Longitudinal RH-PAT readings were only available in 70% of subjects. There was no difference in disease severity, as measured by APACHE II score, in those with (median 14, IQR 8 to 23) and without (median 15.5, IQR 8.5 to 20.5; P = NS) longitudinal data. In sepsis subjects, there was no statistically significant change in mean RH-PAT index from baseline to day 2 to 4 (95% CI: 1.67 to 1.85, P = NS; Figure 3). The same was true in the severe sepsis subgroup (95% CI: 1.57 to 1.76, P = NS). In contrast, mean plasma L-arginine concentrations significantly increased from baseline to day 2 to 4 (95% CI: 38.2 to 49.9 μmol/L, P = 0.01). In a mixed-effects linear regression model, change in microvascular reactivity over the first 2 to 4 days of treatment correlated significantly with increasing MAP and decreasing C-reactive protein, but not with change in plasma L-arginine.

Subject outcomes

Low baseline RH-PAT index was significantly correlated with an increase in SOFA score over the first 2 to 4 days (r = -0.37, P = 0.02).
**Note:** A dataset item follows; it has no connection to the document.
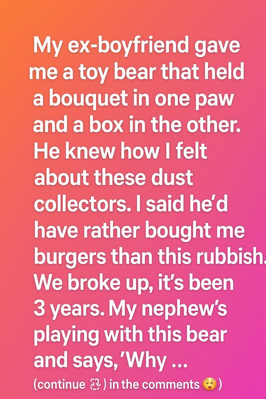 My nephew watched me closely and asked, “Are you going to throw it away now?” I shook my head with a soft smile. “No,” I said, placing the bear back carefully. “Some things aren’t meant to be thrown away. They remind us of who we were, how far we’ve come, and sometimes… what we missed the first time.”
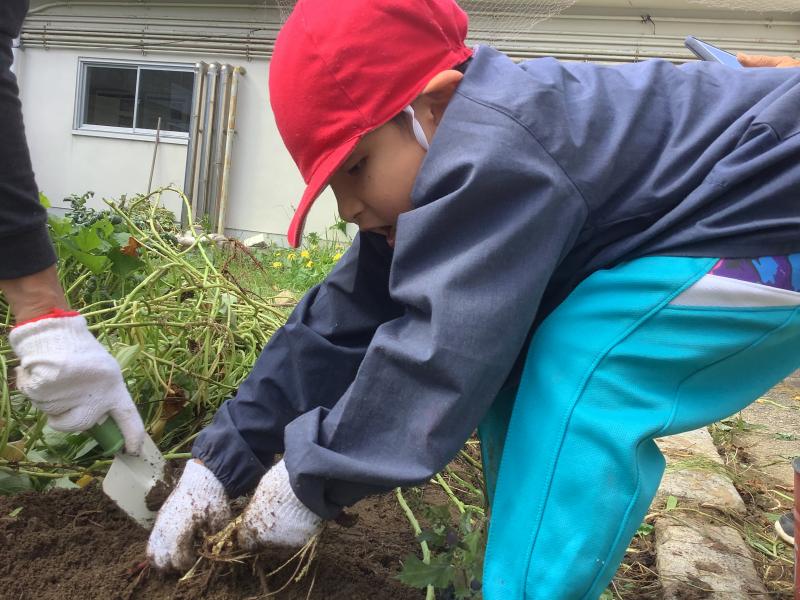 「なかなか、ぬけない!!」でも、土を掘ったり、力を入れてひっぱたりして抜きました!

In subjects whose SOFA score worsened over the first 2 to 4 days, the median RH-PAT index was 1.54, compared with 1.74 in those whose SOFA score improved or did not change (P = 0.01). At both hospital discharge and 28-day follow-up, 8 of 85 (9%) subjects with sepsis had died. Among those with septic shock at baseline, 6 of 29 (21%) had died at 28-day follow-up. The mean baseline RH-PAT index was 1.67 among survivors and 1.60 among non-survivors (P = NS). The strongest baseline predictors of death on univariate analysis were APACHE II score (P = 0.008), SOFA score (P = 0.002) and IL-6 level (P = 0.004).


To the authors' knowledge, this is the largest published study to date assessing reactive hyperaemia in human sepsis and the first to use peripheral arterial tonometry. We have found that endothelium-dependent microvascular reactivity is impaired in sepsis, in proportion to disease severity, even after controlling for known associations with endothelial dysfunction, suggesting that sepsis itself is the explanation for the observed impairment in microvascular reactivity, rather than traditional cardiovascular risk factors. Furthermore, the degree of impairment of baseline microvascular reactivity predicted subsequent deterioration in organ function.
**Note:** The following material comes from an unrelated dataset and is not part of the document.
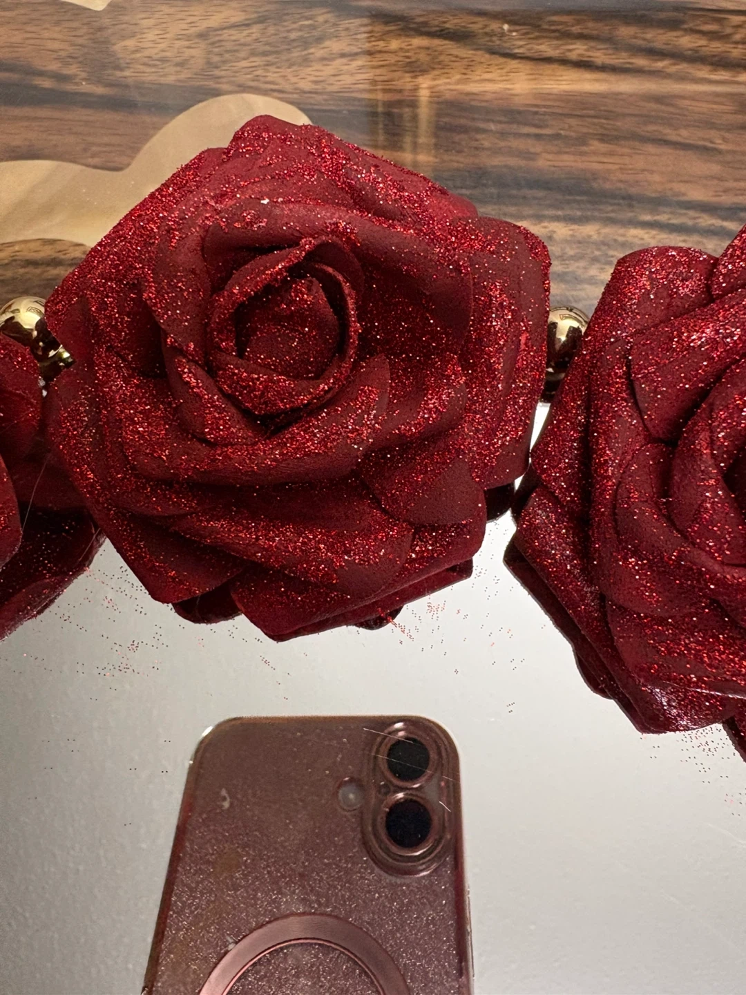 Features a reflective mirrored surface framed by a luxurious border of faux pearls and sparkling rhinestone accents, set on a gold-tone base.

RH-PAT proved to be a practical and feasible method of measuring microvascular reactivity at the bedside in critically ill septic subjects, with a low proportion of technical failures, which were no more common in sepsis subjects than in controls, and which showed no relation with noradrenaline dose. The findings of this study are generally consistent with those of the previous small studies of reactive hyperaemia in adult subjects with sepsis using other methods, which were generally user-dependant and of limited availability.
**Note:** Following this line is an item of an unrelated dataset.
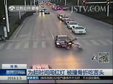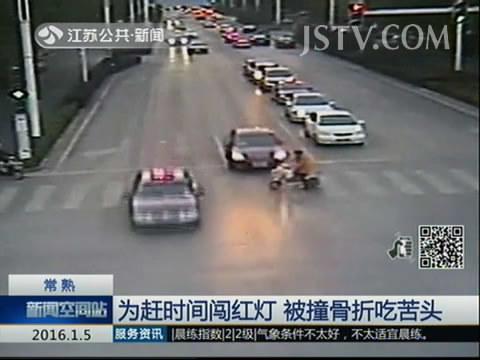 近日在苏州常熟发生了惊险一幕。一辆直行轿车在路口将一辆电瓶车撞飞,驾驶员被撞伤,而车祸的原因就是电瓶车驾驶员心急闯红灯。
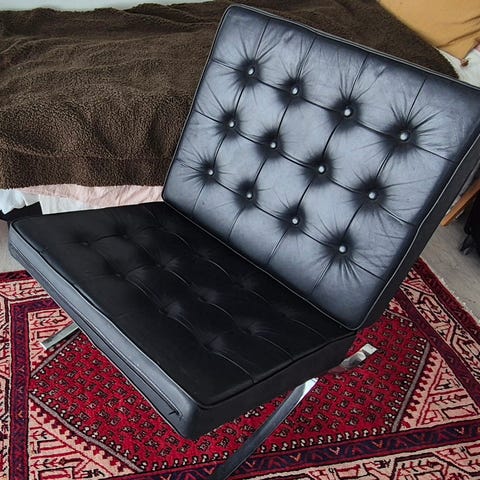 Barcelona tyylinen lepotuoli. Paksua aitoa nahkaa, muistuttaa hyvin läheisesti aitoa Knoll Studiosin aitoa Barcelona tuolia.

Plethysmographic measures of forearm blood flow in sepsis have found a post occlusion-pre occlusion ratio of 1.6 [9] and forearm skin laser Doppler studies have found a ratio of 1.4 [5]. These results are very similar to our observed ratio of 1.57, suggesting that the finding of impaired reactive hyperaemia in adults with sepsis is a true phenomenon, which is independent of the method used to measure it.

Compared with laser Doppler flowmetry, venous plethysmography and flow-mediated dilatation of the brachial artery, PAT requires less staff training and simpler equipment, has less potential for inter-observer variability, and is easier to perform on uncooperative patients. PAT has also been validated with regards to accuracy [13, 19, 20] and reproducibility [37, 41]. Disadvantages of PAT include the expense of disposable finger probes.

Because RH-PAT is at least 50% NO-dependent [18], impaired RH-PAT responses in sepsis suggest reduced endothelial NO bioavailability. Our results are in accord with increasing data from radiolabelled arginine flux studies suggesting that NO synthesis is decreased in sepsis [2224]. Impaired RH-PAT has been demonstrated to be reversible with L-arginine infusion in malaria caused by Plasmodium falciparum, providing direct evidence for NO dependence in acute inflammatory states [21]. However, we cannot exclude contributions by other mechanisms, including impaired production of prostacyclin and endothelium-derived hyperpolarizing factor [42, 43].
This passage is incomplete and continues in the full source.